Note that weights and preferences of different contexts during recommendation in current approaches are similar [13,14]. Whilst dense rating is not available for all items in the same contexts because a user usually has different preferences in different contexts. Consequently, some context attributes are more important than other [17]. Nevertheless, several studies suggested to identify a set of influencing contextual factors which are of significance for recommendation results, is a valuable topic for research [12,20,21].

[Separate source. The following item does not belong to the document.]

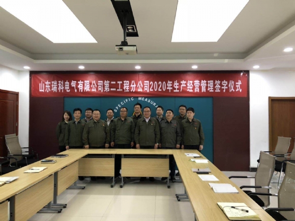 2023-10-13阳春四月,花红柳绿。4月29日山东鲁瑞电力集团有限公司山东瑞科电气有限公司工程分公司、山东瑞科成套有限公司机柜分公司进行了2020年生产经营管理签字仪式,标志着山东瑞科电气有限公司工程分公司和山东瑞科成套电气有限公司机柜分公司正式独立运营,在快速发展的道路上跨出了坚定一步。
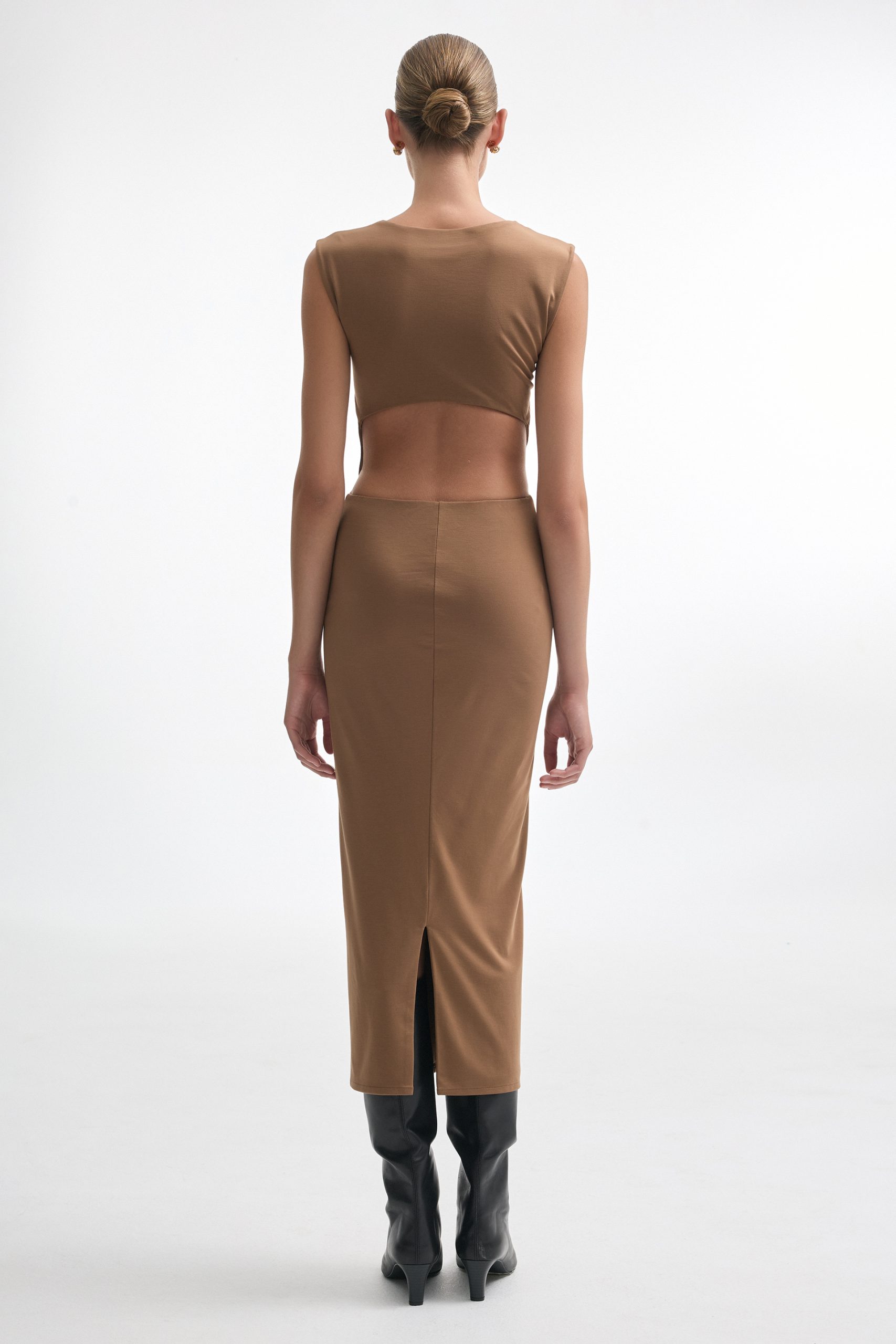 The Brooke dress is minimal yet daring, a piece that embraces the body with fluid ease, highlighting the silhouette without excess. The refined cap sleeves and softly draped neckline bring elegance, while the open-back cut-out introduces a modern, unexpected edge. It’s the kind of dress that moves seamlessly from evening gatherings to special occasions, always with quiet confidence.

2.2. Selection of Influential Contexts

Aided by the rapid proliferation of context-awareness in recommender systems, several approaches are being proposed to create efficient CARS by selecting relevant contexts that are influential for recommendation results [12]. One of the major problems in typical CARS is determining which contextual features are relevant to influence users’ decisions in a particular situation [13]. As the authors in [19] state, irrelevant contextual features can degrade the prediction accuracy of recommendation by spending unnecessary resources on the acquisition of irrelevant context.
To this end, previous work has utilized several techniques to perform detection of relevant and irrelevant context. The authors in [2] had used a paired t-test and X 2 test for the detection of influential contextual features in their database. In [13], the authors proposed an approach to determine relevancy between contextual factors using statistical methods of testing on rating data. Likewise, in [12], the authors conducted a context-relevance assessment by performing a survey to evaluate the influence of a given contextual feature by supposing a particular situation. However, as they state, users rate an item differently in a real and supposed contextual situation, whilst the results also revealed that better accuracy for the detection of relevant contextual feature could be achieved through detection process form the rating data in comparison to the survey for the assessment of users’ opinion. Hence, such techniques are problematic [14].
In [22], the authors demonstrate the significance of incorporating relevant context during the development of context-aware recommender algorithms. The data sparsity problem gets aggravated in CARS due to the use of too many contextual features when user preferences are diluted with contextual attributes [23]. However, the incorporation of a few contextual features lacks the capturing of contextual effects that impair prediction performance. The authors in [24] suggested an interesting approach of utilizing explicit ratings which make the algorithms of context-awareness flexible and lightweight by handling the data sparsity problem. In a practical situation, however, the utilization of explicitly obtained ratings is not an effective approach as there are no specific incentives of users for rating items [17]. Despite the fact that most of the previous research has utilized explicit ratings, the authors in [17] proposed an implicit rating approach utilizing the genre of the videos. Addressing previously mentioned issues, a novel framework proposed by [14] utilizes both explicit and implicit ratings for performing multiple rating predictions based on item neighborhood and user neighborhood.
Nevertheless, prior proposed methodologies used in CARS lack utilization of implicit ratings that are assigned in different contextual situations. In order to handle this issue, several studies [20,21,23,25] suggested the assigning of different weights to contextual features during recommendation. The authors in [20] demonstrate that how to select contextual variables is really a serious problem when contextual features are not diluted in the data. They propose a novel approach of Differential Context Relaxation (DCR), according to which minimal subsets of contextual factors were incorporated in different phases of recommendation algorithms. In some cases, however, DCR increases contextual sparsity by restricting the recommender algorithm to take contexts into account [25]., whilst another approach proposed by the same authors in [26] improves the overall working of CARS in which contextual attributes are weighted. Recently, a study [21] proposed an algorithm that utilizes context based communities for the purpose of reducing the data sparsity problem by a weighted percentile approach. The results obtained proved that the weighted percentile approach outperforms for the identification of relevant and influential contextual information [23].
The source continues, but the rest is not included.